Aztecs believed that cacao seed fell to the Earth straight from Heaven. By the way, they used the cacao beans instead of money. It is stated that a famous emperor of Aztecs, Montesuma, had even 40 thousand bags of cacao! Many theories exist about how cacao has reached Europe, but the fact that it was especially valued there is indisputable. In the XVI century the Spanish historian, Oviedo wrote: “Only a wealthy and noble man may go the length of drinking chocolate as he drinks…money.”
Inhabitants of the Central America were the first to learn how to produce chocolate, and they used it in liquid from. Supposedly, mankind (people of Mokaya culture) started relishing chocolate in 1900 BC. The heritage of Maya culture (paintings on walls, scripts and dish extant) speak of the usage of cacao. Chocolate was drunk, cacao was used as spice for meals. Liquid chocolate was usually not sweetened. By the way, it was available only for the nobility. Maya peoples, later Aztecs, liked the foam of the drink very much. Cacao beans used to be a monetary unit of the Maya and Aztec people. Cacao was also important for religious Aztec rituals.
In 1521, when the Spanish conquered Yucatan (currently Mexico), cacao beans were used as currency; however, the Spanish did not value cacao drink yet. Only after they decided to sweeten it by sugarcane sugar, the progeny of conquistadors started to like it. Then cacao spread over European wealthy men homes as a luxurious drink.
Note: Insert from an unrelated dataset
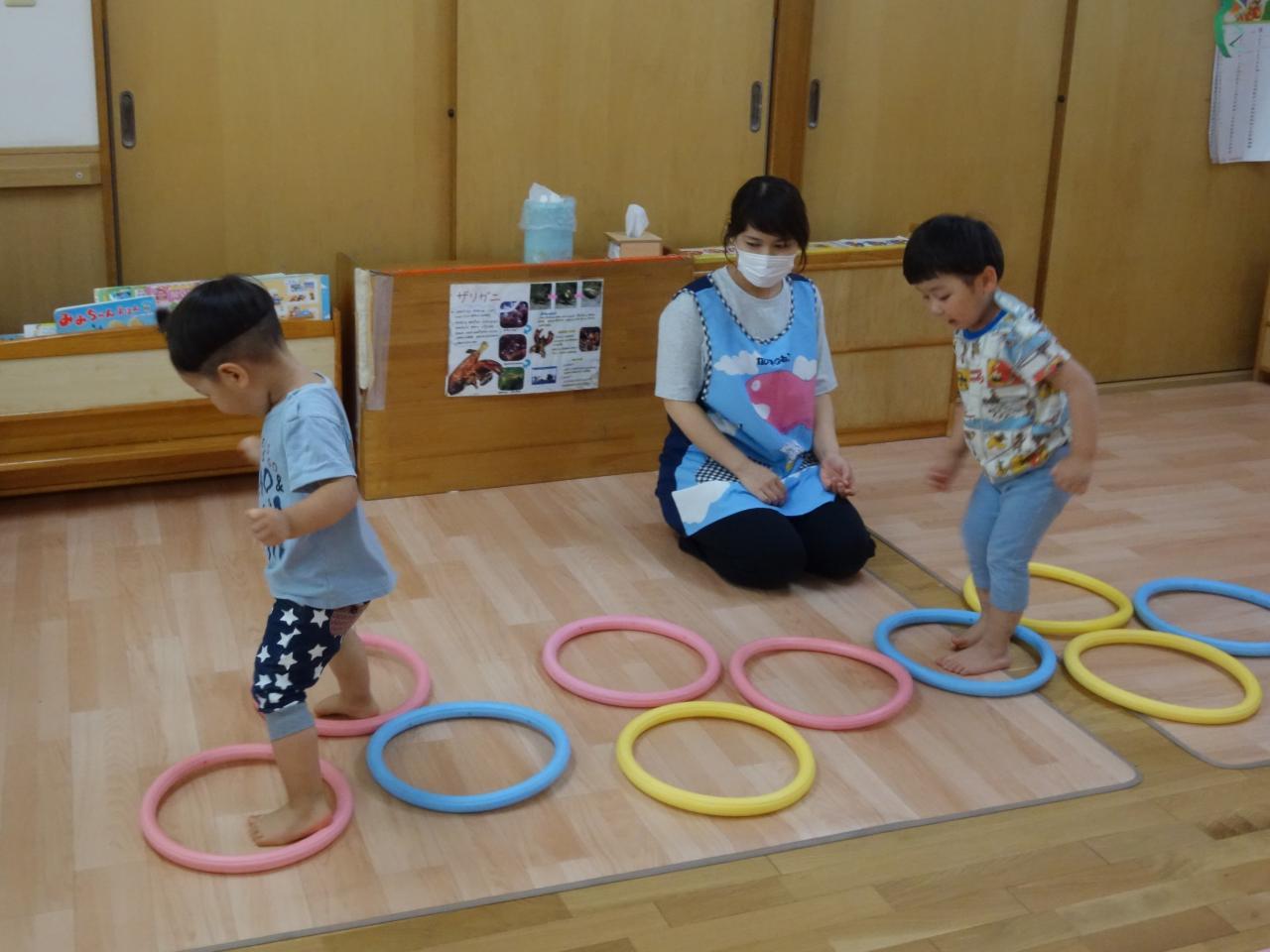 運動遊びを行いました。慎重に足をグー、パーしながらジャンプ!体力がついてきてスムーズに1人で跳べるようになってきましたよ。

Chocolate started gaining popularity only in the other half of the XIX century, when mass production became possible thanks to the industry advancement. The most significant works of European inventors that contributed to development of chocolate:
In 1828, a Dutch chemist, C. van Houten, created a hydraulic press of cacao that allowed squeezing cacao butter of ground beans; mixing it with cacao and additives, bars of chocolate started to be produced;
In 1847, the enterprise managed by the English family, “J. S. Fry & Sons” invented the way how to mix cacao powder and sugar mass with melted cacao butter and to produce a bar of chocolate;
In 1867, a Swiss chemist, Henri Nestlé, invented the way how to produce milk powder by evaporation. The Swiss chocolate producer of Alsace origin, Daniel Peter, invented how to use Nestlé milk powder for production of a new kind of chocolate. In 1879, the first bar of milk chocolate was produced.
In 1879, a Swiss, Rudolph Lindt developed the process known as “conching” (a long rolling of products for chocolate production in a special machine); this then produced the world’s first real eating chocolate, that would melt in the mouth, was sweet and flavourful. In 1886, the chocolate industry reached Lithuania; M. Abramson established the first confectionery and chocolate factory in Vilnius.